▶ **WHAT IS EXPECTED**: In the entries that follow, repeat exactly the lines from the one that has "KEITH HARING NORTH/SOUTH" through the one that has "The Greatest Gift", but omit pictures.

▶ **TASK DATA**:
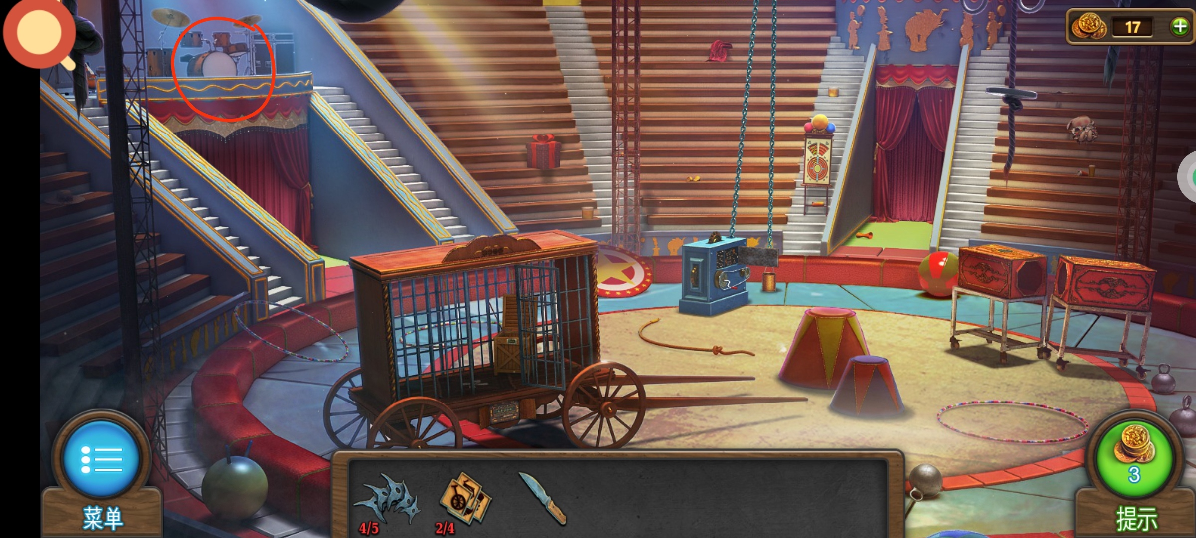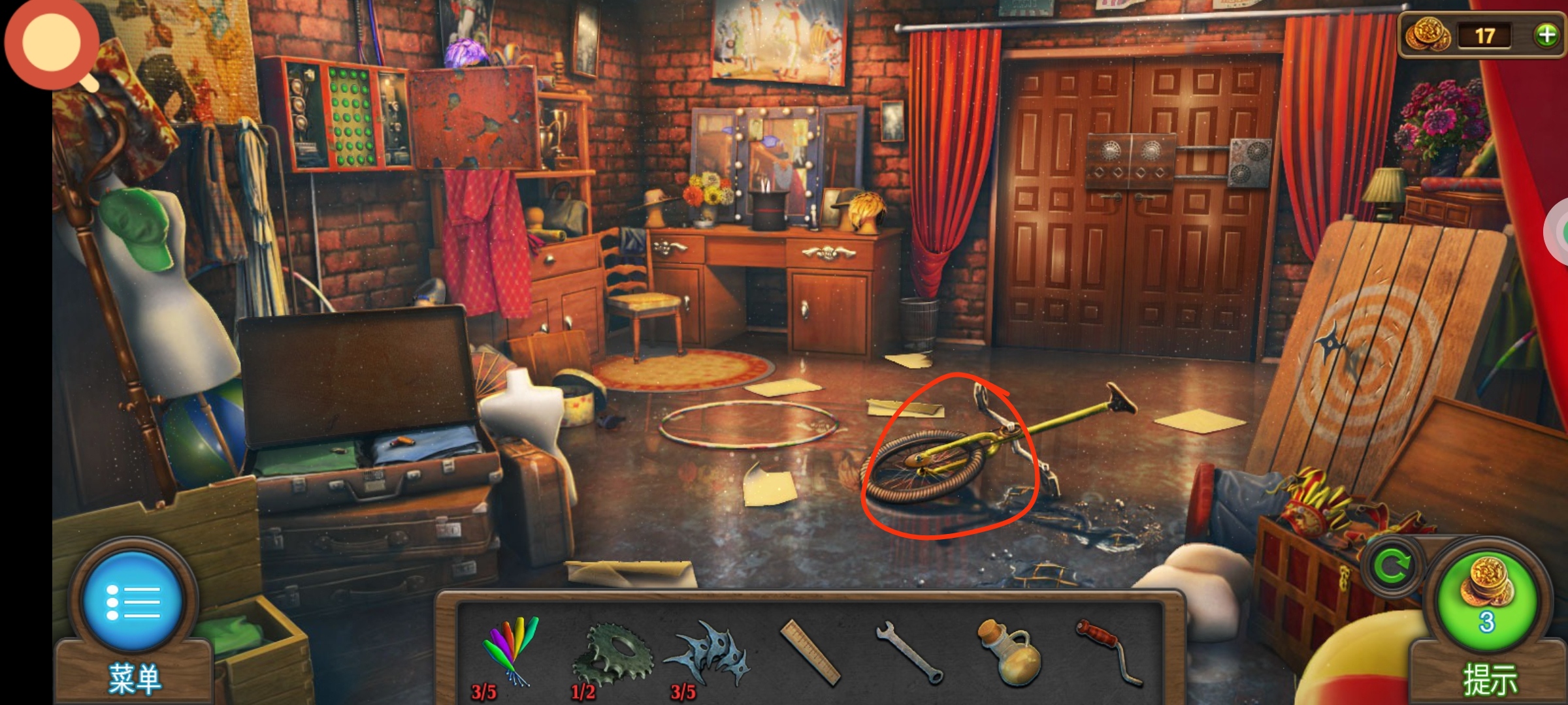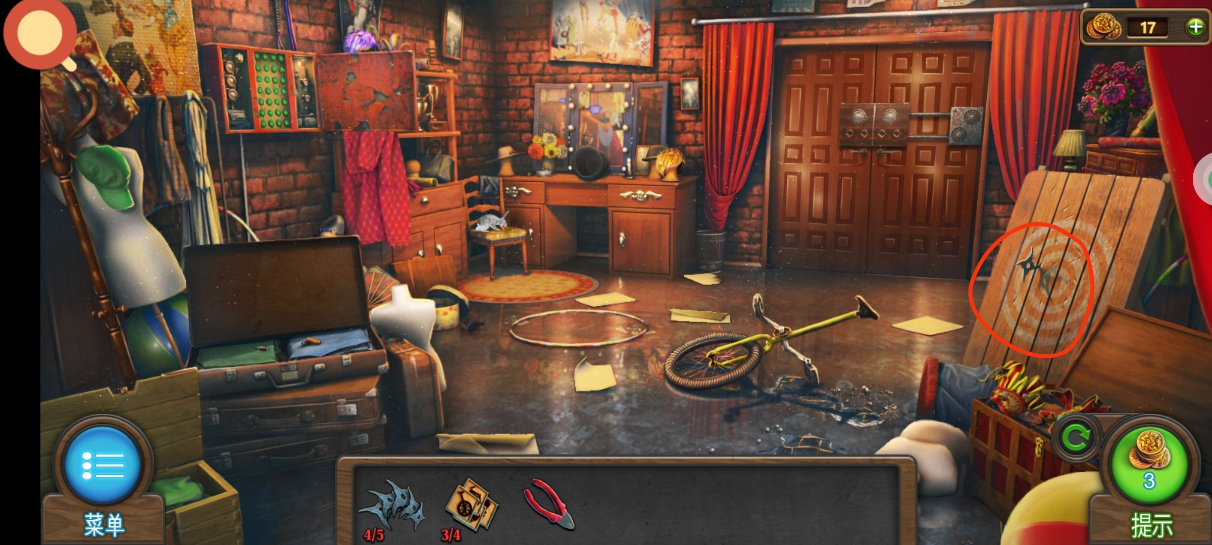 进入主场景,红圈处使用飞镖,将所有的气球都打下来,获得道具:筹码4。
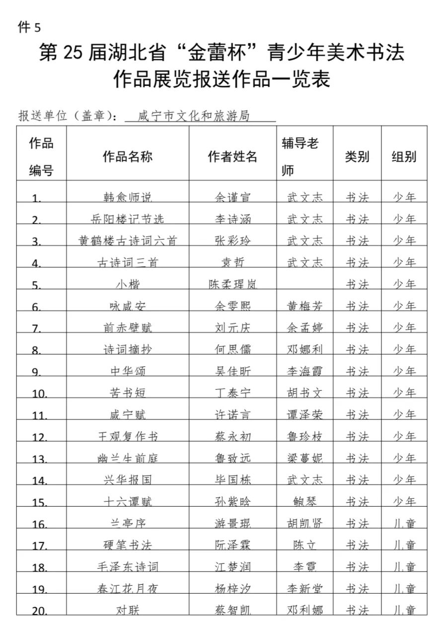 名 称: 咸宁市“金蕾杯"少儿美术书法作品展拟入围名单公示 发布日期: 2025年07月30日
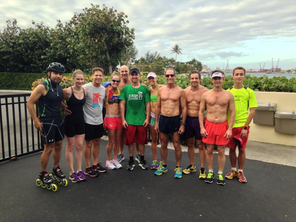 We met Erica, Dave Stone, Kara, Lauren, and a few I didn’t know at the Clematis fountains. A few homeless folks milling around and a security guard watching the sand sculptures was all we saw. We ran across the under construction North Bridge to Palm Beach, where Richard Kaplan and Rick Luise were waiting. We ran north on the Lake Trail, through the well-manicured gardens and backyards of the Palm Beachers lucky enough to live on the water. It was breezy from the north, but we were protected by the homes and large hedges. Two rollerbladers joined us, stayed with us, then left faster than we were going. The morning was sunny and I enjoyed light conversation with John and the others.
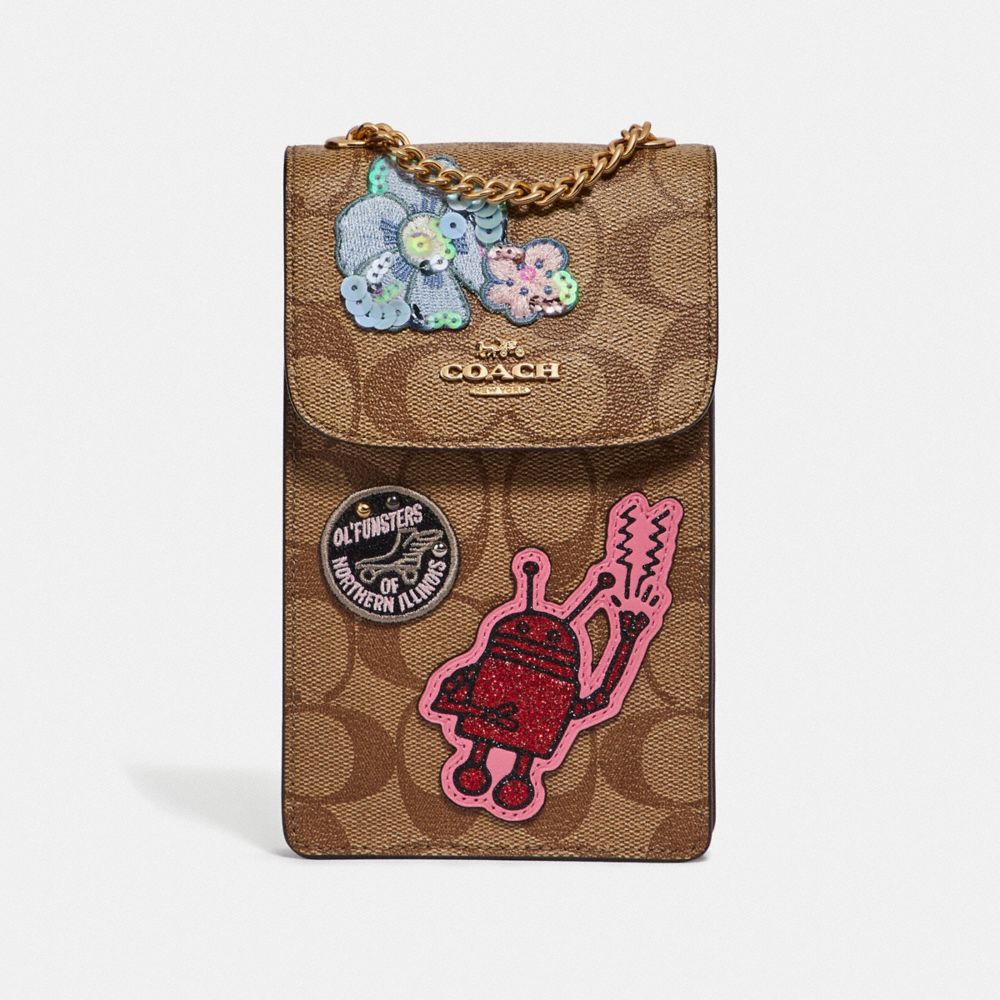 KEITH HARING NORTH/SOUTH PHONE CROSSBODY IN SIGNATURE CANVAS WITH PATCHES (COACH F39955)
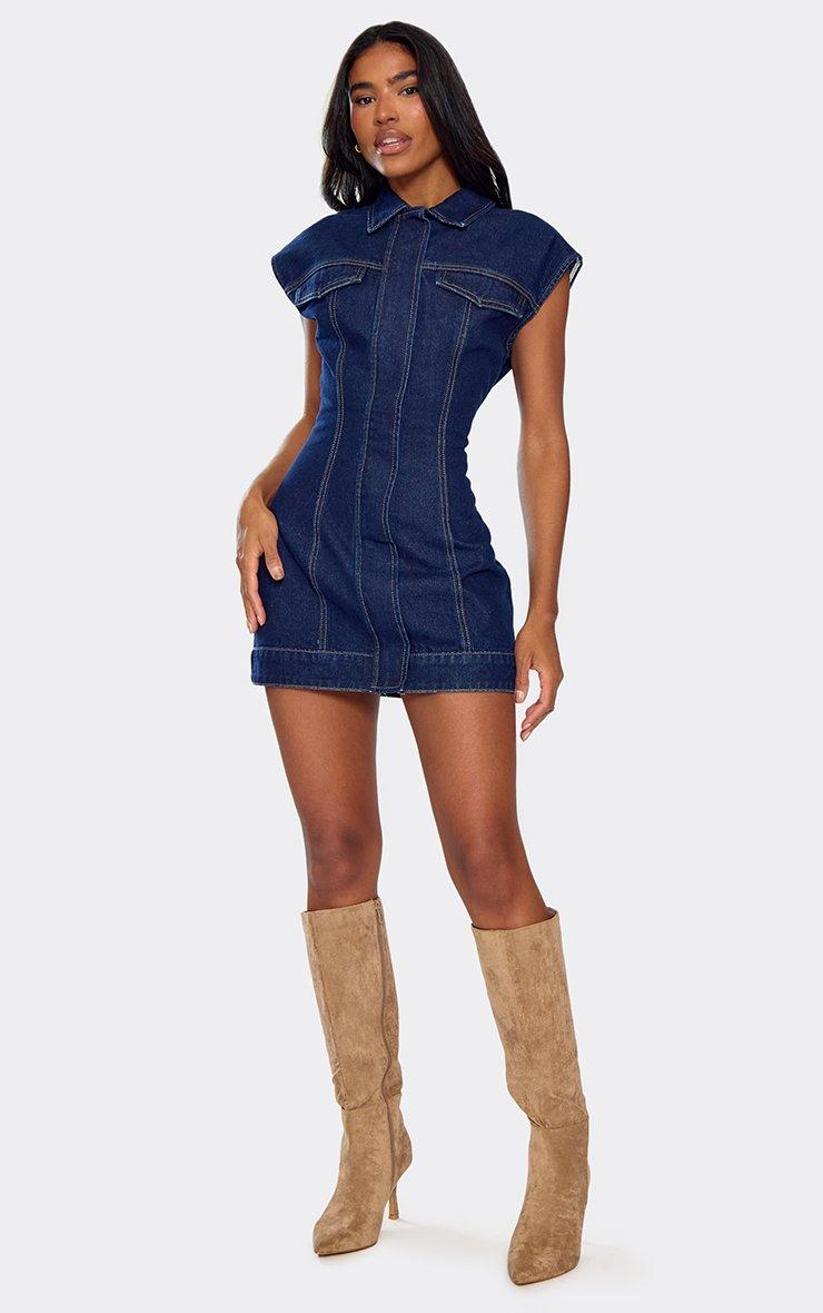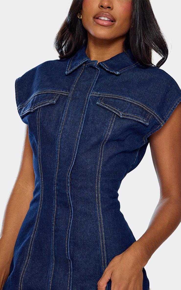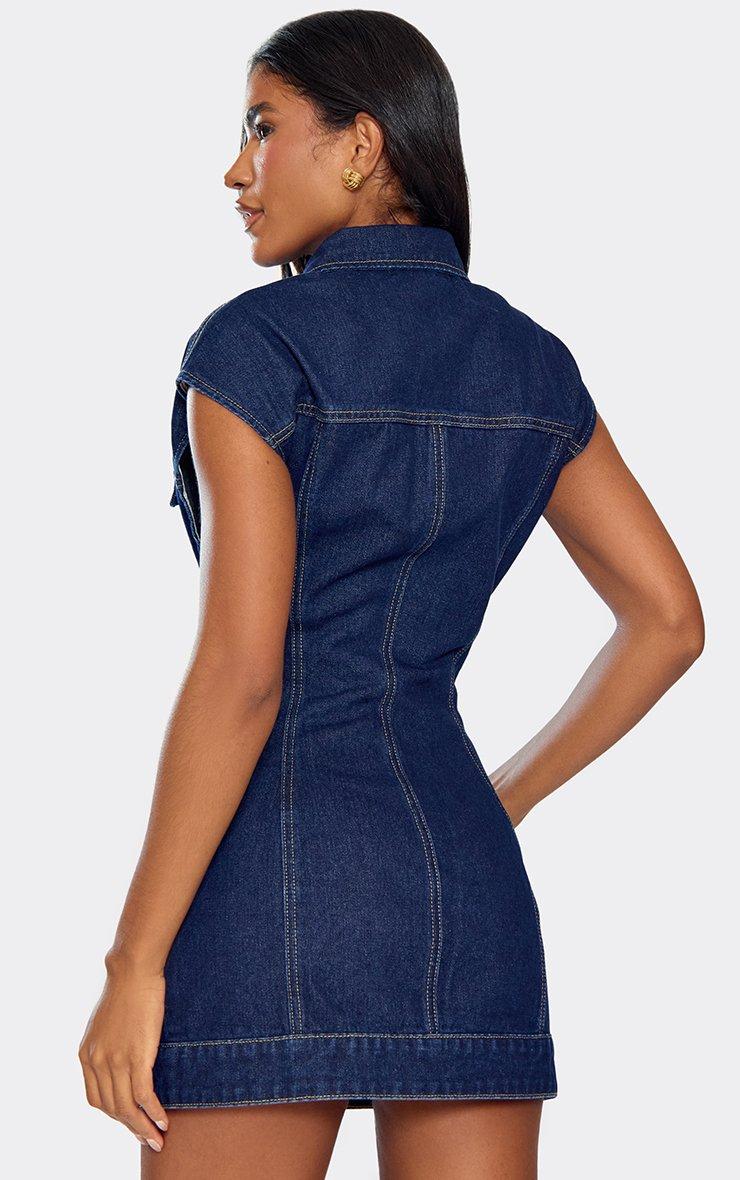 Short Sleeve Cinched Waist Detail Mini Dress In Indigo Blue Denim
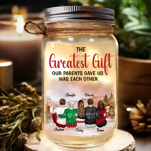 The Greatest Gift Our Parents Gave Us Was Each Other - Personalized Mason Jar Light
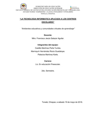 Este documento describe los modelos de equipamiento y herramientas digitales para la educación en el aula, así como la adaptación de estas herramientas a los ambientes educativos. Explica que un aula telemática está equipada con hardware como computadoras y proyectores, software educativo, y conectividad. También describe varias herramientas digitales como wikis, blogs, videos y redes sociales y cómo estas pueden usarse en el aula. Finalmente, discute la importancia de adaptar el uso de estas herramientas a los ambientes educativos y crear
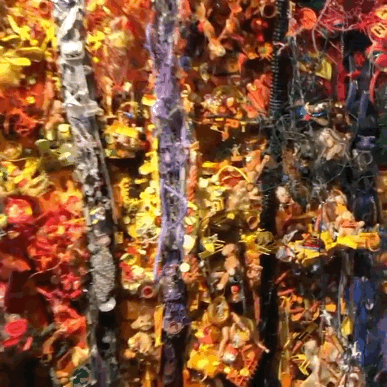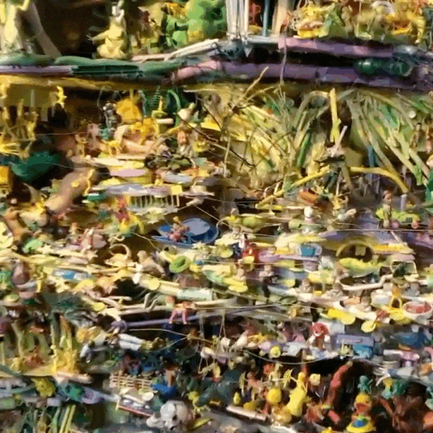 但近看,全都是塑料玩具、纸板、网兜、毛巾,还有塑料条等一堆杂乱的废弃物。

▶ **PROBLEM SOLUTION**:
 KEITH HARING NORTH/SOUTH PHONE CROSSBODY IN SIGNATURE CANVAS WITH PATCHES (COACH F39955)
 Short Sleeve Cinched Waist Detail Mini Dress In Indigo Blue Denim
 The Greatest Gift Our Parents Gave Us Was Each Other - Personalized Mason Jar Light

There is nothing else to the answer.